Last month I wrote about the book Into the Wild. We finally had a chance to see the film last night, and I feel like my heart got broken all over again.

I was angry at Chris McCandless almost the entire time I was listening to the audiobook. He seemed like an out-of-control narcissist with impossibly grand notions about his personal destiny. Only as his sad, pathetic end became imminent did my ire begin to subside. In the film, though, right from the beginning he comes across as a rather appealing person, a free spirit with a generous heart.
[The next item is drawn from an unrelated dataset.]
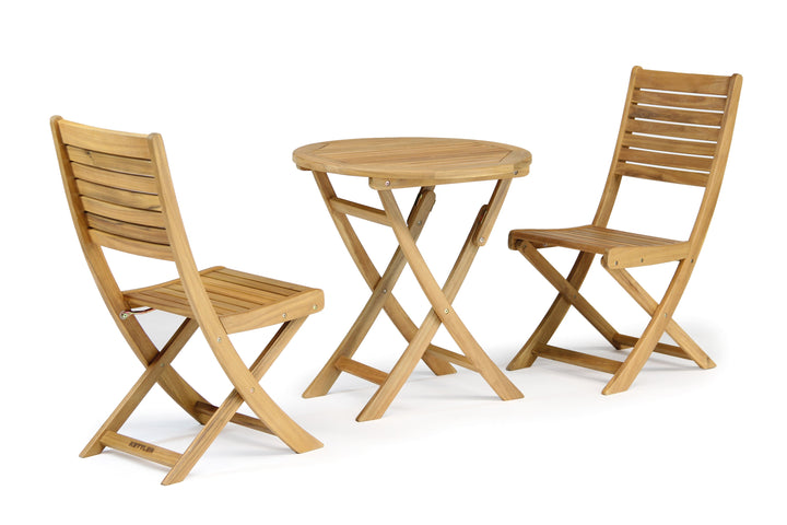 Introducing the Kettler Hampton Bistro Set—a charming and space-saving solution for intimate outdoor dining. This elegant set includes two folding bistro chairs and a 70cm round folding table, all crafted from FSC®-certified eucalyptus wood, known for its natural weather resistance and durability. The compact, foldable design makes it ideal for patios, balconies, or smaller gardens, allowing for easy storage when not in use. Part of the Hampton collection, the set pairs beautifully with other pieces in the range, offering a cohesive and timeless look for your outdoor space.

Generous, that is, except where is parents were concerned. It was as if cutting off all contact with them (as well as with his sister Carine, whom he professed to love) gave him the power to hurt them that he seemed to crave. But – in recompense for what injury, exactly? In the film, the McCandlesses are shown to have engaged in some knock- down- drag-out battles when Chris and Carine were young children. (This is something I don’t remember from the book.) In addition, during the summer between his high school graduation and his freshman year at Emory University, Chris found out that his father Walt had not been fully disengaged from his first wife when he began a family with Chris’s mother Billie. (She ultimately became Walt’s second wife when he finally obtained a divorce.)
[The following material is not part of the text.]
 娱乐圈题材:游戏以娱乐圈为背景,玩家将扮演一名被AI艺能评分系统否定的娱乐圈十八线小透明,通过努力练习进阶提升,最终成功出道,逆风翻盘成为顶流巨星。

“That meant we were bastards!”, or words to that effect, are uttered at that point by Carine in a voice-over narration that I found to be one of the films few weak features. As for the implication that this revelation caused Chris to reject his parents, I don’t buy it. I think he was looking to justify a rejection that was already happening; the story of the early infidelity was as good a reason as any, in his young mind, to heap contempt on the heads of two people whom he already viewed as hopelessly compromised by their bourgeous suburban existence.

And there’s one other thing. Walt McCandless was a brilliant, accomplished engineer. I think that Chris was afraid that if he chose to compete in any way with Walt, he might not measure up. As a father, Walt McCandless appears to have been somewhat judgmental and rather stern, possibly remote in his aspect – in other words, not in the mold of the touchy-feely, postfeminist Dad. ( I just re-read the last sentence and realized that I could be describing my own father. Perhaps because I was a daughter, and a somewhat sickly one at that, I managed to get enough caring from him to satisfy my needs. He and my mother were cruelly ravaged by old age, and I drew close to him at the end. It was an unexpected gift. )

Into the Wild depicts Chris McCandless’s slow, agonizing death with unsparing realism. It was hard to watch – I was riveted but at the same time wanted desperately to avert my eyes until it was finished. My husband and I both felt that Emile Hirsch, in the title role, was completely convincing.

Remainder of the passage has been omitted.